Note about demo: The demo is available at, but due to costs, I couldn't afford a server that could handle the deep learning models. However, both the "Astr Screening" and "Astr Mind" are available.


Despite machine learning showing amazing results in many tasks, it will still be a long time before it can be implemented into real diagnostic systems due to both pure accuracy and public trust. Based on both the shortcomings of machine learning and state of the art research, I'm proposing a platform that implements machine learning in a more assistive sense by building upon, instead of replacing, hospital infrastructure.

What it does

It consists of three parts: Astr Insight - A modular pipeline that uses deep learning to implement better preprocessing techniques from image superresolution to anomaly detection for both human-based and machine learning-based diagnoses. It also uses the GradCAM architecture to provide insight into the "thought process" of neural networks and why a certain classification was made, assisting doctors in diagnosis instead of just producing a separate classification value.

Astr Screening - It uses existing information within hospital databases or from routine checkups to automatically detect diseases that a given patient may be at risk for. Because of the availability of the input features, it's able to scan large amounts of patients and serve as an automatic "early warning" system that then leads to consults with physicians. The main interface is a REST API designed to be implemented into hospital software.

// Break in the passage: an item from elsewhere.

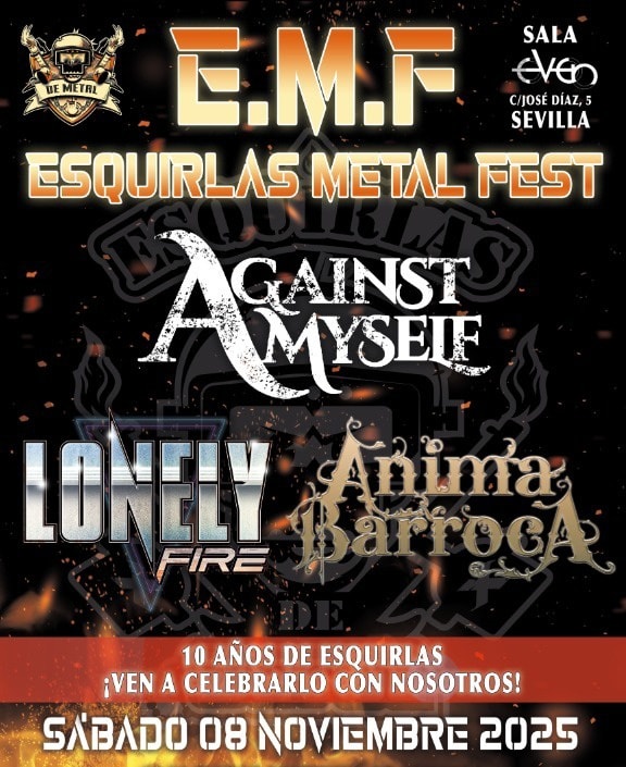 Nuestros compañeros de Esquirlas de Metal celebrarán este noviembre el décimo aniversario de la fundación de la web con un festival potente y variado que tendrá lugar en la sala Even de Sevilla, donde podremos disfrutar de las siguientes bandas nacionales:

Astr Mind - Connects patients with therapists in a more personal way by using a chatbot interface that mimics natural conversation. It alters its mode of speaking in order to reflect or "empathize" with the sentiment of the patient. Finally, it uses keyword processing algorithms to automatically detect what kind of therapist the patient needs based on natural conversation alone.

How I built it

Astr Insight - There are 4 deep learning models in this module. The superresolution and denoising are "Residual Dense Networks" that are designed to be better at capturing local information in images. The anomaly detection is accomplished by a variational autoencoder that probabilistically models image distributions. With a trained VAE, you can calculate a lower bound on the log likelihood of seeing a given image. Based on the histogram of lowerbounds, boundaries were determined to classify images as "anomolous". The skin cancer detection model was very simple: just a ResNet50 with a dense classifier fine tuned on the HAM10000 dataset. I didn't spend too much time on that one as pure classification was not the focus.

Astr Screening - Because of the time restrictions, I was only able to implement 4 detection systems. The classifiers used were Random Forest and Gaussian Naive Bayes. They were trained on publicly available datasets of common diseases, with features optimized for both accuracy and occurrence in regular hospital data.

Astr Mind - I scraped articles from Wikipedia concerning various psychological conditions. They were preprocessed by the removal of stopwords, stemming, and lemmatization. Those articles were then passed through the "Rapid Automatic Keyword Extraction" algorithm to extract keywords. It is based on those keywords that classification is made. As a backup, for ambiguous text, a general therapist search is made instead. The sentiment classification is based on the polarity score given by TextBlob.

Challenges I ran into

The preprocessing and classification pipeline was difficult due to resource constraints both in my own personal computer and in the server. There are ways around it - e.g. I used tflite for the variational autoencoder, but I needed to calculate gradients for GradCAM, which isn't available in TFLite. It is for that reason that the online demo does not include the "Astr Insight" feature.

Accomplishments that I'm proud of

I definitely got better at web design in this process, I became more familiar with a css framework, which will be very useful for later projects. The screening machine learning models, along with the keyword-based classification, also turned out better than I thought.

What I learned

I became a lot more familiarized with many different aspects of both machine learning and webdesign. I feel much more confident doing something similar to this in the future.

What's next for Astr

I want to find a way to reduce the resource costs of the different models. I think that it wouldn't be too difficult getting the memory usage of the RDN models down, but the classifier is much more difficult as it has to be compatible with GradCAM.